Blacks less apt to respond to hepatitis C therapy
African American adults with chronic hepatitis C virus (HCV) infection are less likely to respond to standard combination therapy with peginterferon and ribavirin, a study confirms.
In a statement, study author Dr. Charles D. Howell of the University of Maryland in Baltimore said the reduced response rate among African American patients is not caused by “the usual predictors,” such as patient age, gender, HCV levels prior to treatment, amount of fibrosis in the liver biopsy nor amount of medication taken.
In a multicenter treatment trial, 196 African American and 205 Caucasian American patients with HCV infection and similar baseline characteristics received standard treatment consisting of peginterferon alfa-2a (180 micrograms/week) and ribavirin (1000 to1200 mg/day) for up to 48 weeks.
The response rate was 28 percent in African Americans compared with 52 percent in Caucasian Americans, a significant difference.
Racial differences in viral responses were evident as early as 4 weeks after the start of treatment, the team notes. “Breakthrough viremia” occurred more frequently in African Americans than Caucasian Americans (13 percent vs. 6 percent), but relapse rates were comparable (32 percent vs. 25 percent).

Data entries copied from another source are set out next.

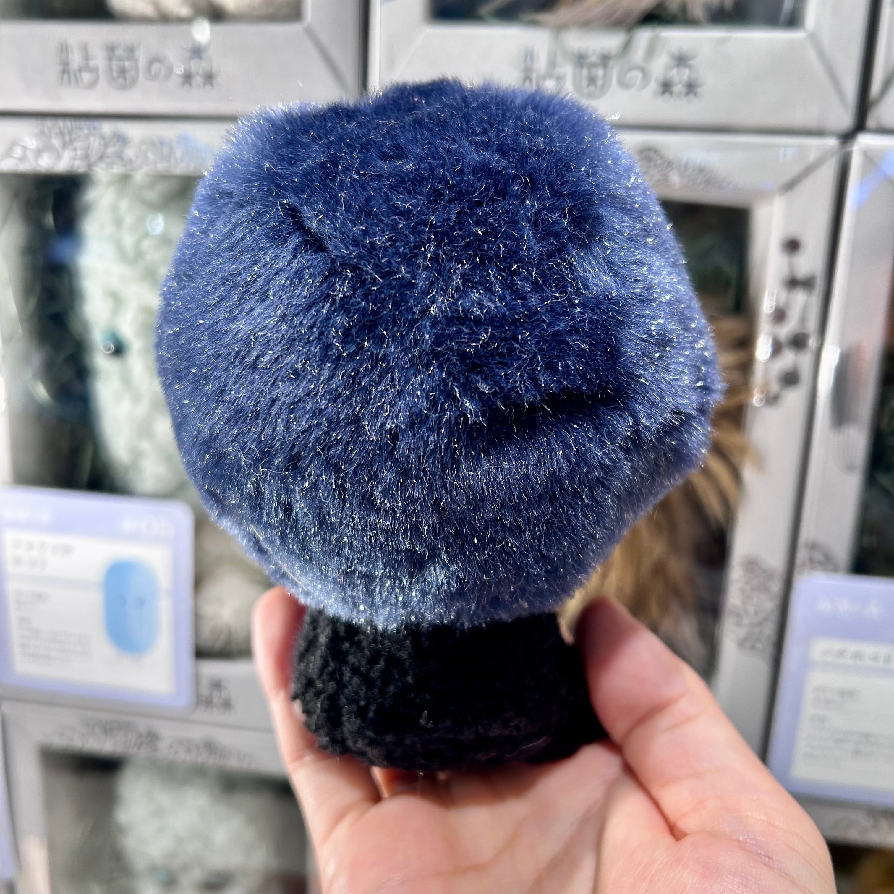 パイル織物の産地、和歌山県高野口からお届けする粘菌のぬいぐるみ。きらりと光るラメ糸の入った「シルバームートン」を使用し、ルリホコリのキラキラした質感を表現しています。 まんまるな頭と黒い軸足が特徴です。お尻にはおもりが入っているので、自立しやすくなっています。職人の手仕事により、一体ずつ個性があります。
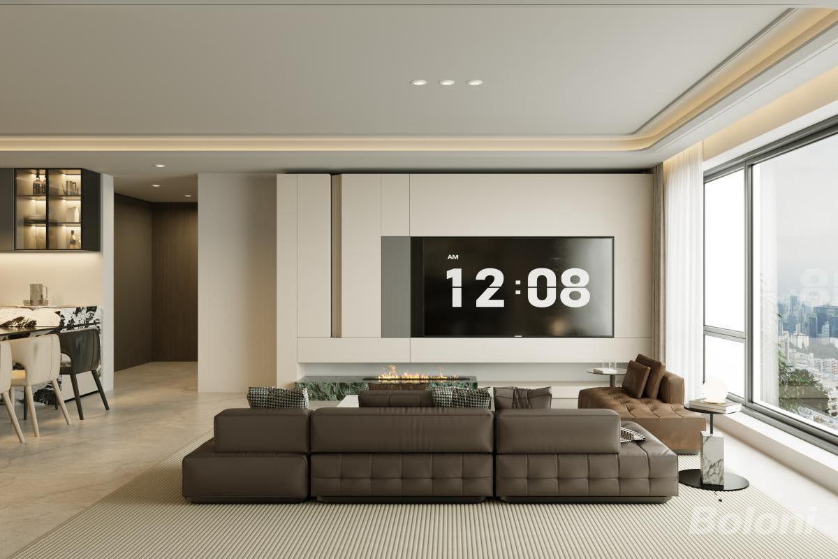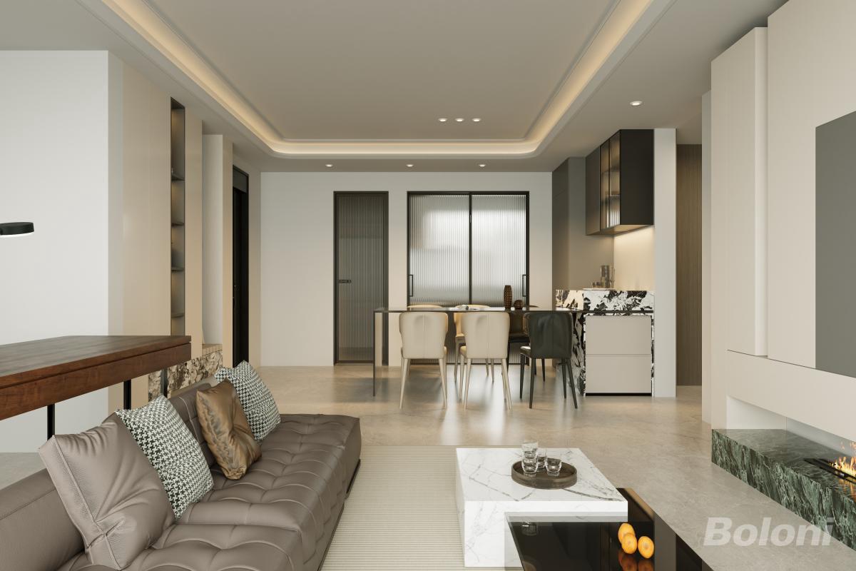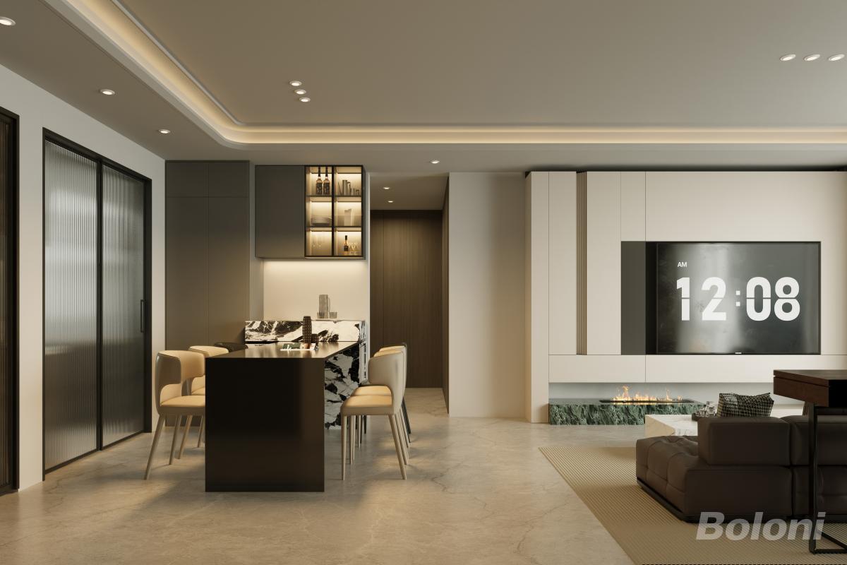 本设计为现代都市居所,以中性色调构建雅致空间。开放式布局串联餐厨与起居,暗藏灯带与精致柜体提升层次,大理石、皮革材质尽显质感,大窗引入城市景观,壁炉增添暖意,实现功能与美学的高阶平衡。
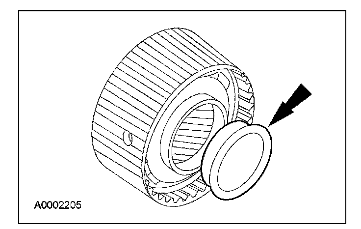 34. Install the No. 6B forward clutch thrust washer onto the forward ring gear hub.
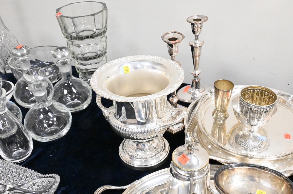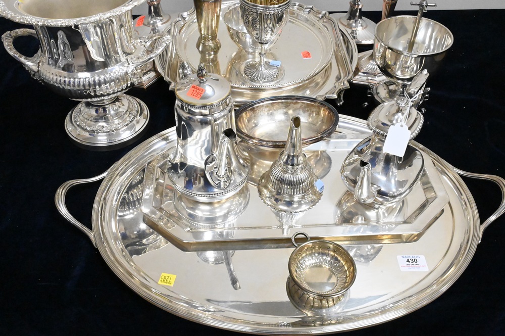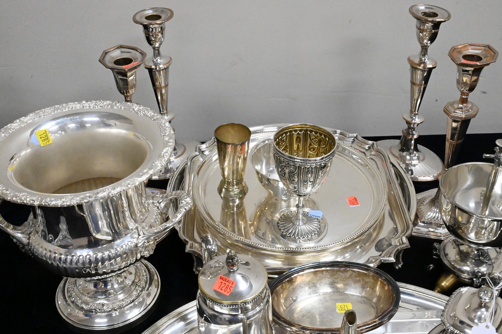 19 Piece Lot of Silver Plate, to include candlesticks, wine cooler, trays, teapot, etc., tray length 26 inches.
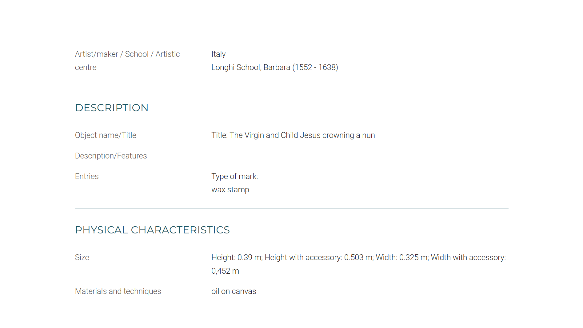 • Most of Longhi's paintings are unsigned, but on one she included the initials "B.L.F.", and on another, "B.L.P."
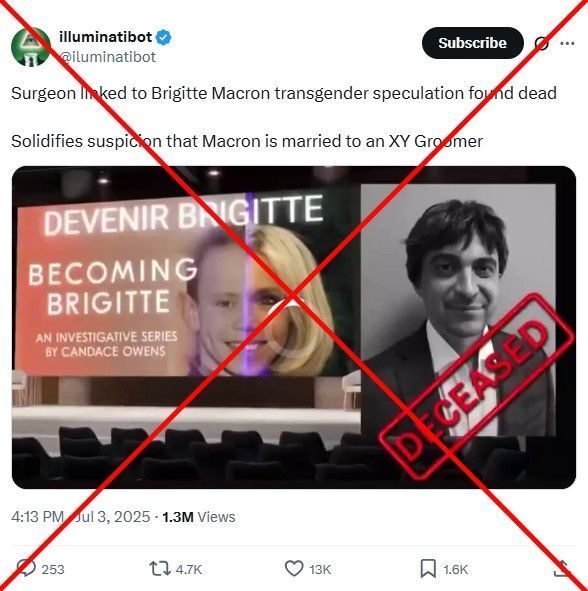 “Surgeon linked to Brigitte Macron transgender speculation found dead,” says a July 3, 2025 post on X. “Solidifies suspicion that Macron is married to an XY Groomer.”
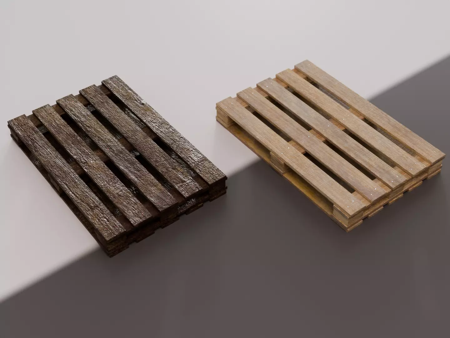 This delivery includes two wooden pallets, one new and one old and dirty. Suitable for realistic scenes.

The proportion of the total maximum dose of peginterferon and ribavirin taken was lower among African Americans than Caucasian Americans. However, in multivariate analysis, this did not account for the racial difference in response rates.
The basis for the racial difference in response rates is being addressed by ongoing supplementary studies.
It’s estimated that 1.3 percent of the US population, approximately 3.2 million Americans, have chronic HCV infection. HCV is now the leading cause of chronic liver disease and the most common indication for liver transplantation in the US.